• _Try it_: Copy the data below exactly, but not the pictures it contains.

• _Records provided_:
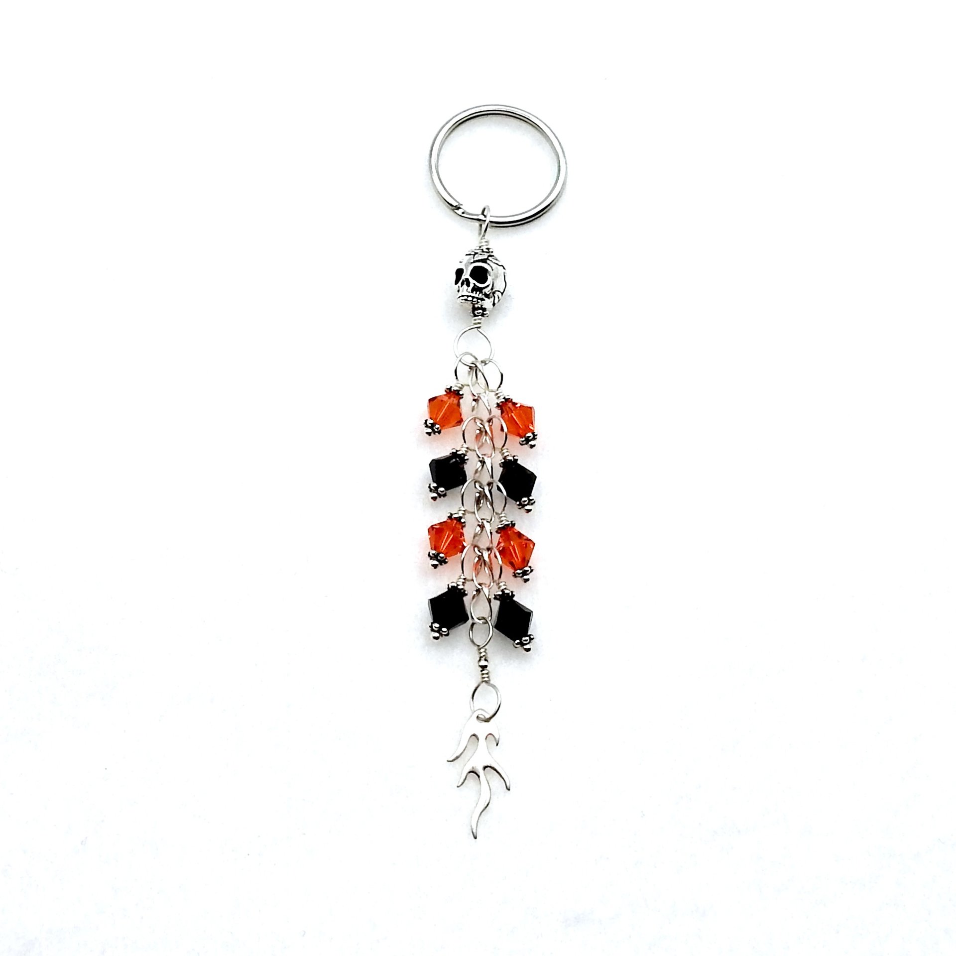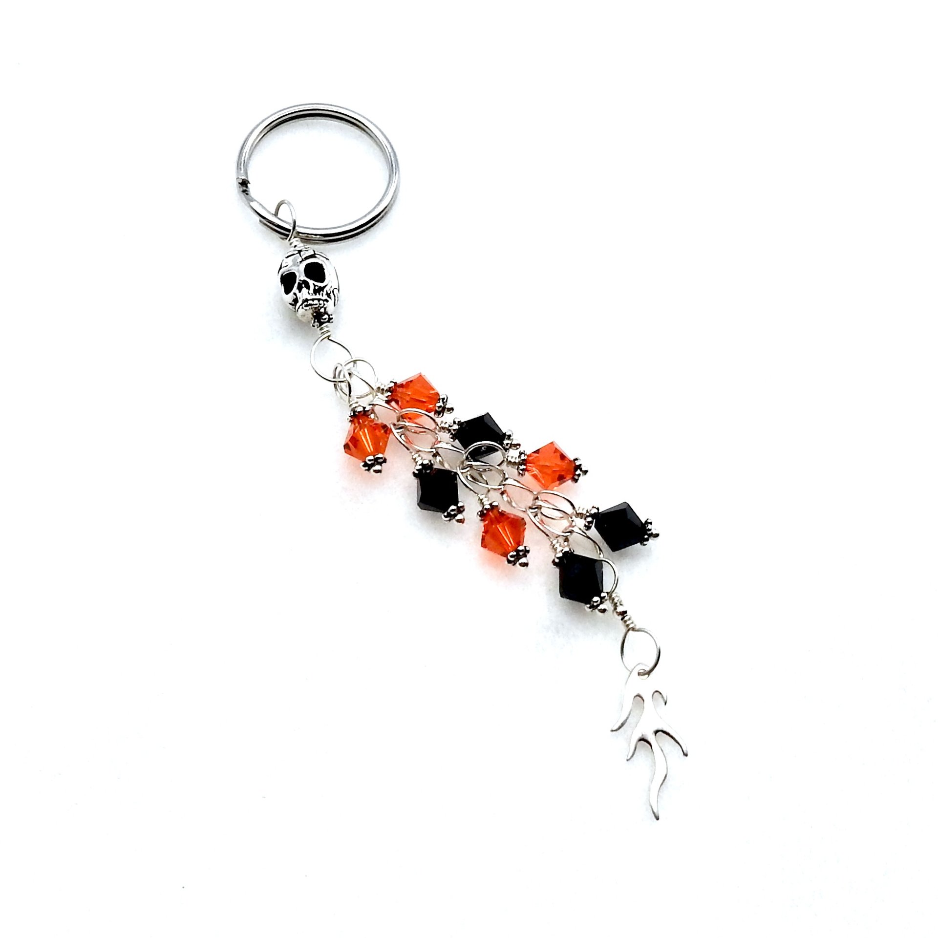 A skull dangle keychain, handmade with Swarovski Elements black and orange crystal beads and a sterling silver flame charm accent.
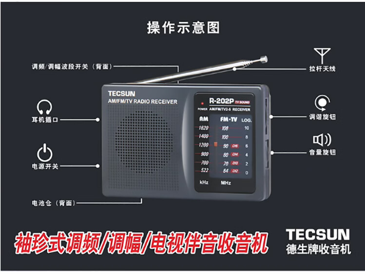 Tecsun R-202P radio portable for the elderly English band 4 and 6 college entrance examination listening test radio mini broadcast semiconductor 202P standard
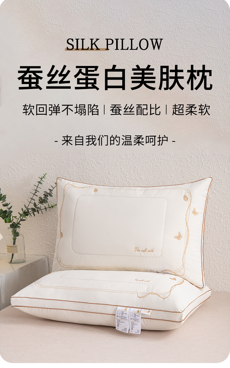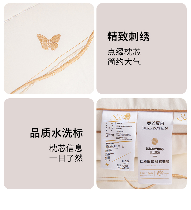 商品名称:(总)织布人 2025新款枕芯蝴蝶绗绣天然蚕丝枕头高端轻奢家用护颈枕芯
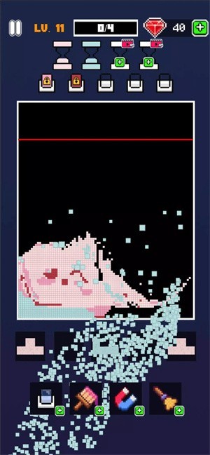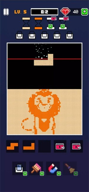 3、沙地方块互动。玩家需在网格化沙地中操作彩色方块,当同色方块与沙粒接触时,会自然融入沙层并触发爆炸效果。
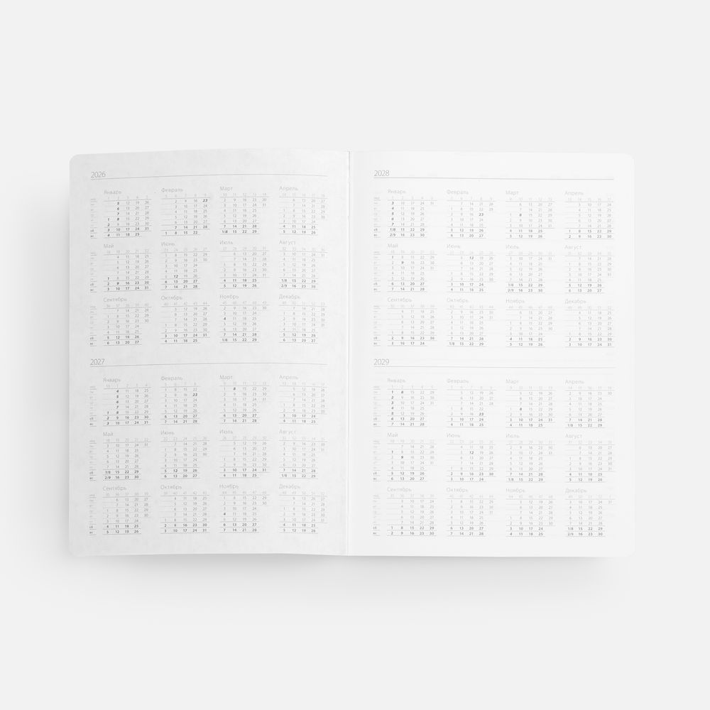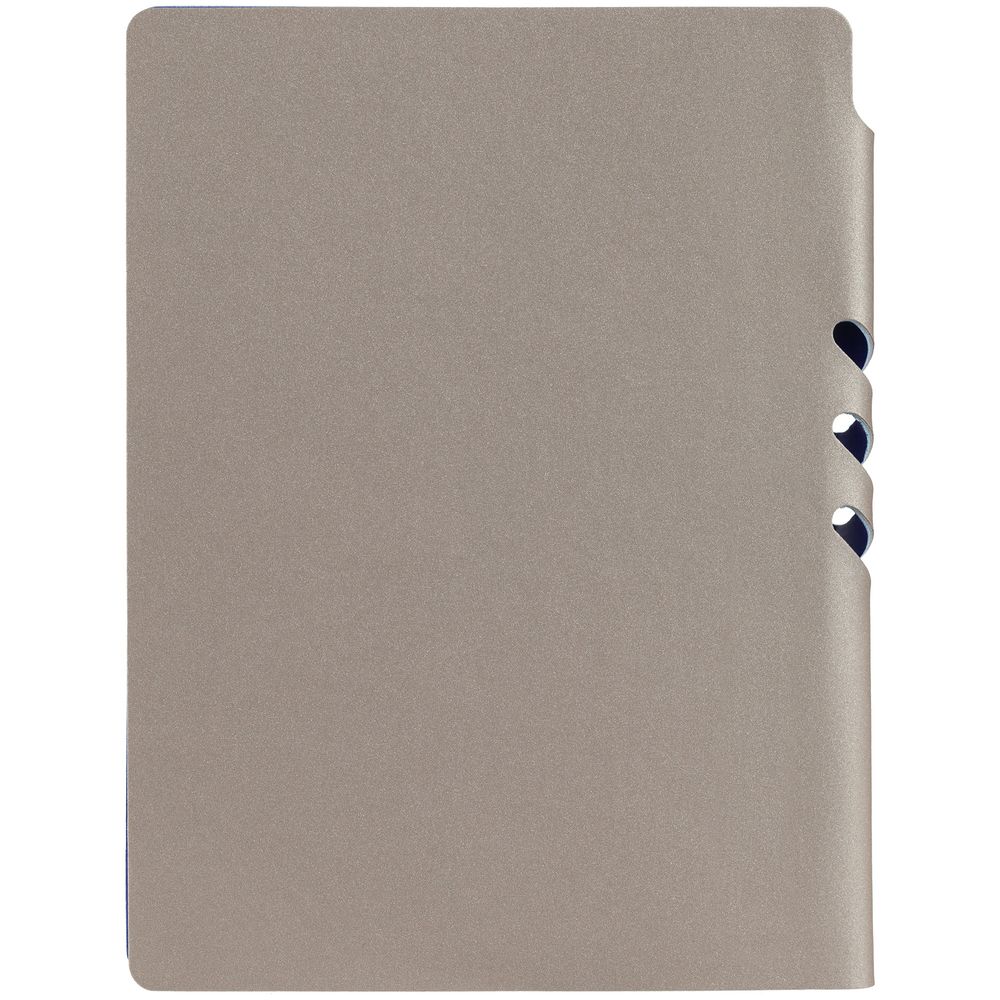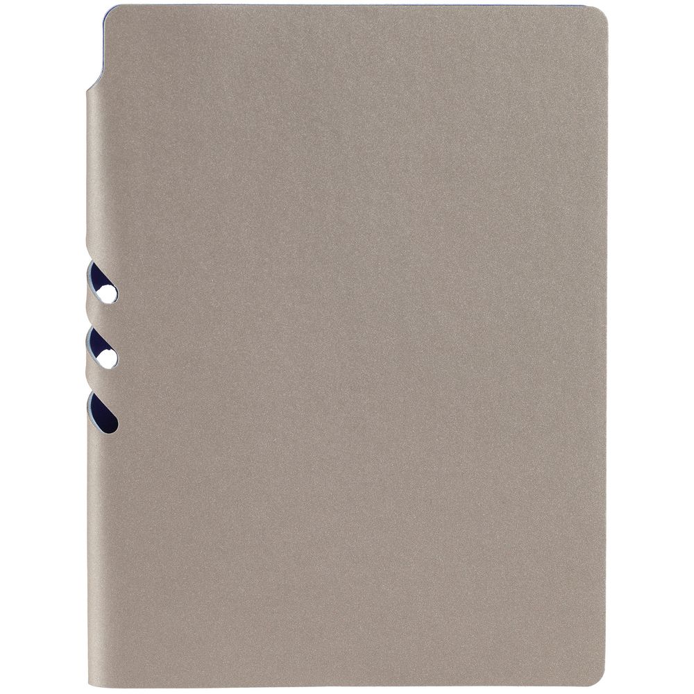 Гибкая обложка выполнена из материала Velour Melange, серый СС и Latte, синий НН (внутренняя часть обложки). Внутри корешка — специальное место для крепления ручки размером до 15х0,9 см.
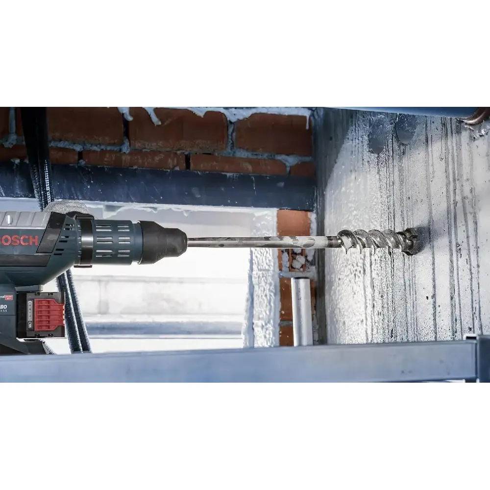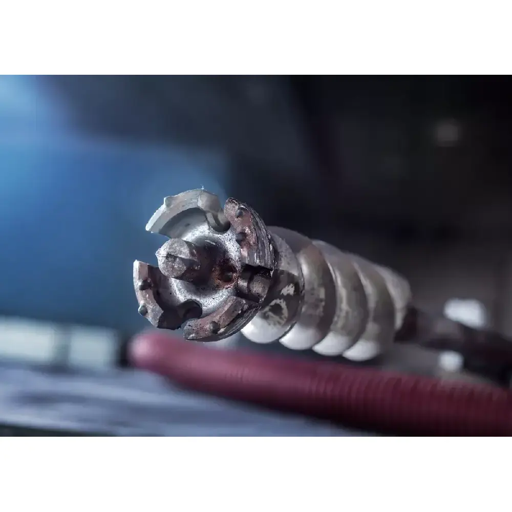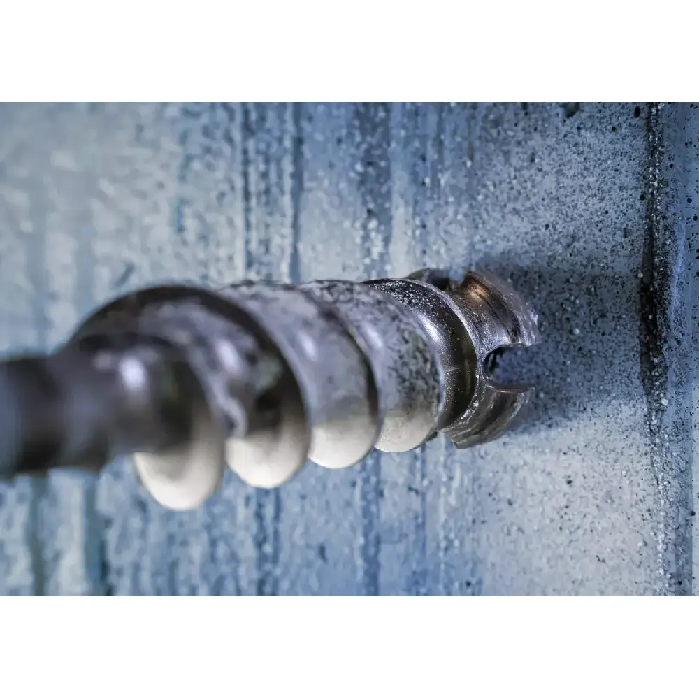 PRO SDS max Break Through svrdlo je visokoefikasno rješenje za bušenje velikih prolaznih rupa u betonu, punoj opeci i građevinskim blokovima. Zahvaljujući naprednom dizajnu i visokokvalitetnim materijalima, ovo svrdlo je posebno prilagođeno zahtjevima građevinara, električara i instalatera koji često rade na instalaciji klima, kablova i cijevi kroz čvrste građevinske materijale.
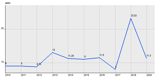 9 млн. руб, а в 2020 году - 11.3 млн. руб. Таким образом, средняя стоимость двухкомнатных квартир в районе "Марьино" за
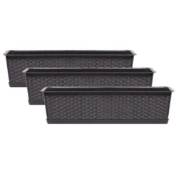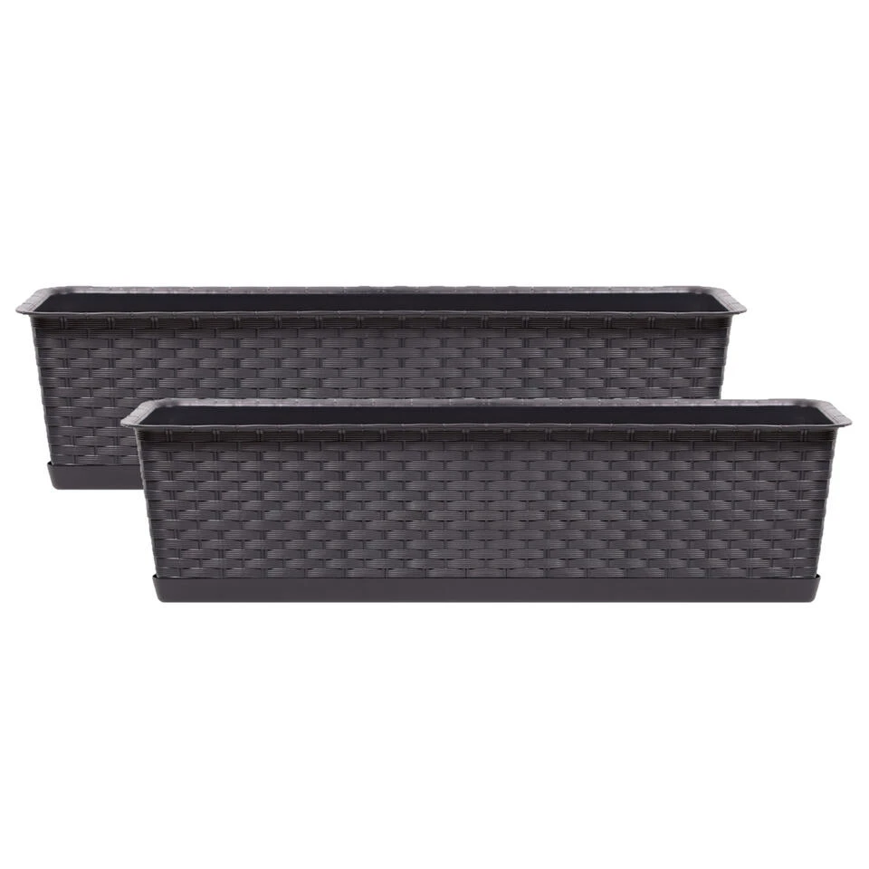 Kunststof Ratolla rotan plantenbak/bloembak/balkonbak set donkerbruin 10 liter met bijpassende opvangschotel/opvangbak. Kras en stootvaste bloembak/plantenbak met rotan vlechtwerk uitstraling. Zonder afwateringsgaten, deze kunt u naar wens zelf maken. De bloembakken/plantenbakken zijn geschikt voor binnen en buiten gebruik. Serie: ratolla case. Formaat: lengte ca 60 cm. Breedte: ca 17,3 cm. Hoogte: ca 14,5 cm. Inhoud: 10 liter.
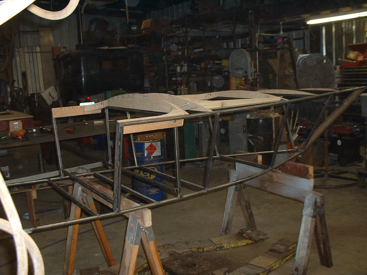 I had to take some time off from the Seagrave to look after business and go rappelling with my son. It was the first time for both of us. Interesting, hanging by a rope on a rock face 60 ft above the earth. When I got back I took the body frame off the car and painted it. Then I painted the wood platform. It's getting down to crunch time on the colors. I want the frame and running gear to be the same color as the body and I'm leaning toward a dark, dark green--BRG maybe with a lighter green for the upholstery. I'm going to paint the body frame black because you won't really be able to see much of it when the car is done and the trim is inside. BTW I'm selling a 1914 Buick touring car on ebay if anyone is interested. http://cgi.ebay.com/ebaymotors/1914...8720169?pt=US_Cars_Trucks&hash=item4cf2a9ab29
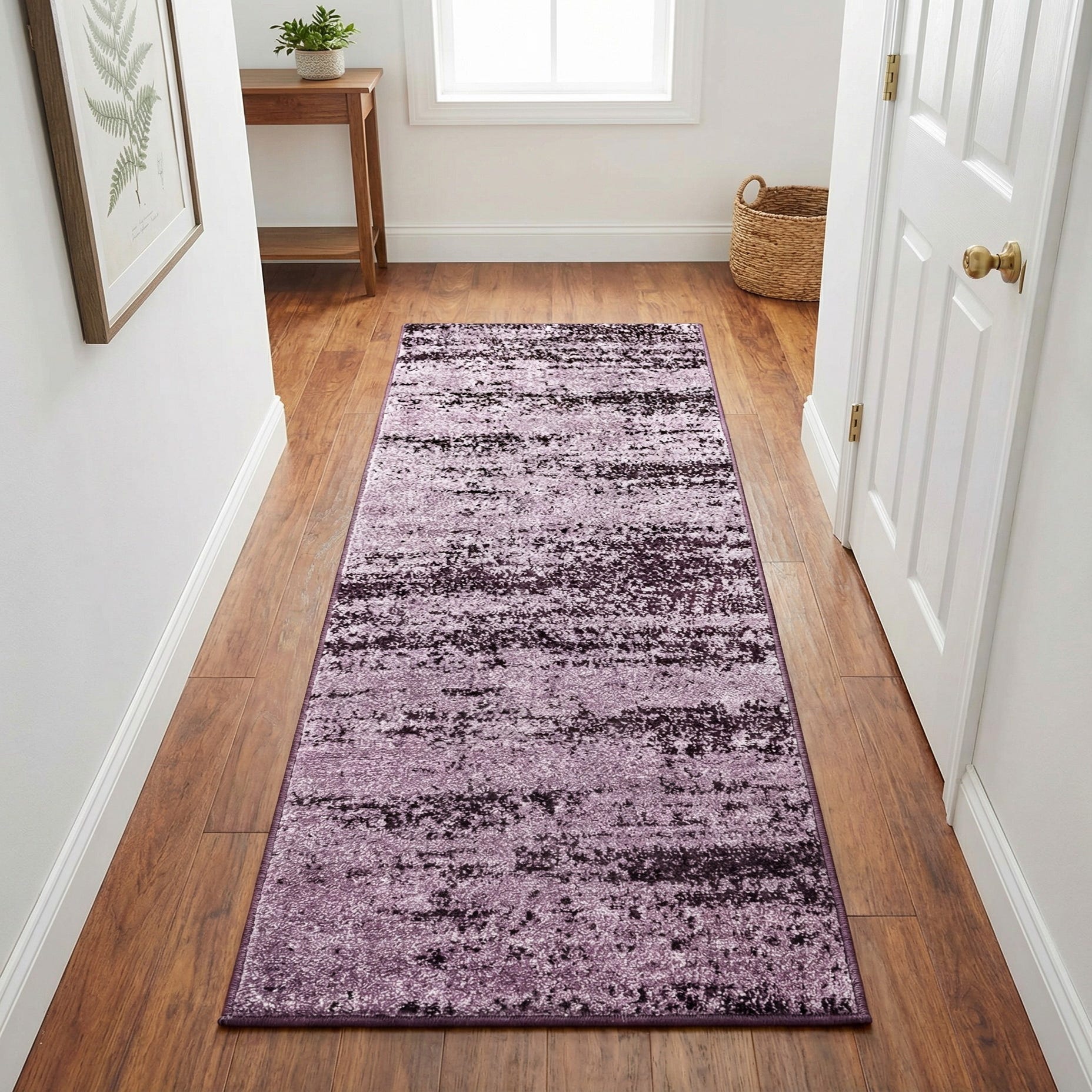 This runner works well in a variety of settings: place it along a hallway or entry to add color and visual interest without overwhelming the space, use it alongside a bed to introduce a plush, cozy touch, or layer it under a console or dressing table for a chic, contemporary vignette. Pair with warm metallics, neutral linens, or jewel-toned accents to complement the violet and deepen the room’s palette.
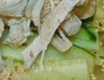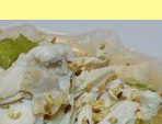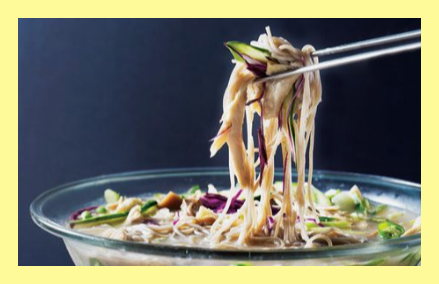 새콤한 식초와 겨자 소스를 곁들여 먹는 냉국수 요리로,
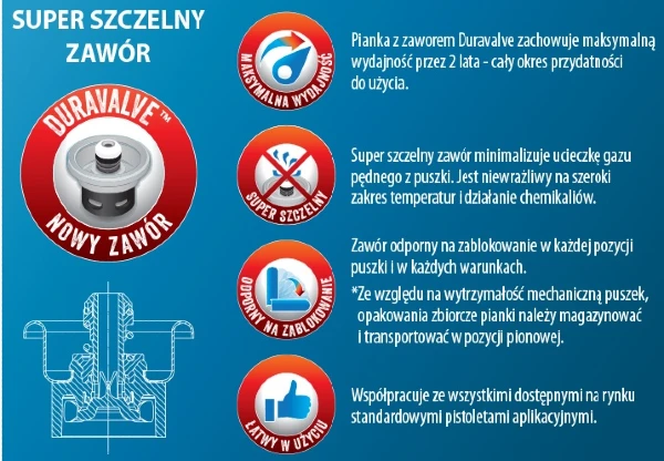 Pianka z zaworem Duravalve zachowuje maksymalną wydajność przez 2 lata - cały okres przydatności do użycia.

• _Written response_:
 A skull dangle keychain, handmade with Swarovski Elements black and orange crystal beads and a sterling silver flame charm accent.
 Tecsun R-202P radio portable for the elderly English band 4 and 6 college entrance examination listening test radio mini broadcast semiconductor 202P standard
 商品名称:(总)织布人 2025新款枕芯蝴蝶绗绣天然蚕丝枕头高端轻奢家用护颈枕芯
 3、沙地方块互动。玩家需在网格化沙地中操作彩色方块,当同色方块与沙粒接触时,会自然融入沙层并触发爆炸效果。
 Гибкая обложка выполнена из материала Velour Melange, серый СС и Latte, синий НН (внутренняя часть обложки). Внутри корешка — специальное место для крепления ручки размером до 15х0,9 см.
 PRO SDS max Break Through svrdlo je visokoefikasno rješenje za bušenje velikih prolaznih rupa u betonu, punoj opeci i građevinskim blokovima. Zahvaljujući naprednom dizajnu i visokokvalitetnim materijalima, ovo svrdlo je posebno prilagođeno zahtjevima građevinara, električara i instalatera koji često rade na instalaciji klima, kablova i cijevi kroz čvrste građevinske materijale.
 9 млн. руб, а в 2020 году - 11.3 млн. руб. Таким образом, средняя стоимость двухкомнатных квартир в районе "Марьино" за
 Kunststof Ratolla rotan plantenbak/bloembak/balkonbak set donkerbruin 10 liter met bijpassende opvangschotel/opvangbak. Kras en stootvaste bloembak/plantenbak met rotan vlechtwerk uitstraling. Zonder afwateringsgaten, deze kunt u naar wens zelf maken. De bloembakken/plantenbakken zijn geschikt voor binnen en buiten gebruik. Serie: ratolla case. Formaat: lengte ca 60 cm. Breedte: ca 17,3 cm. Hoogte: ca 14,5 cm. Inhoud: 10 liter.
 I had to take some time off from the Seagrave to look after business and go rappelling with my son. It was the first time for both of us. Interesting, hanging by a rope on a rock face 60 ft above the earth. When I got back I took the body frame off the car and painted it. Then I painted the wood platform. It's getting down to crunch time on the colors. I want the frame and running gear to be the same color as the body and I'm leaning toward a dark, dark green--BRG maybe with a lighter green for the upholstery. I'm going to paint the body frame black because you won't really be able to see much of it when the car is done and the trim is inside. BTW I'm selling a 1914 Buick touring car on ebay if anyone is interested. http://cgi.ebay.com/ebaymotors/1914...8720169?pt=US_Cars_Trucks&hash=item4cf2a9ab29
 This runner works well in a variety of settings: place it along a hallway or entry to add color and visual interest without overwhelming the space, use it alongside a bed to introduce a plush, cozy touch, or layer it under a console or dressing table for a chic, contemporary vignette. Pair with warm metallics, neutral linens, or jewel-toned accents to complement the violet and deepen the room’s palette.
 새콤한 식초와 겨자 소스를 곁들여 먹는 냉국수 요리로,
 Pianka z zaworem Duravalve zachowuje maksymalną wydajność przez 2 lata - cały okres przydatności do użycia.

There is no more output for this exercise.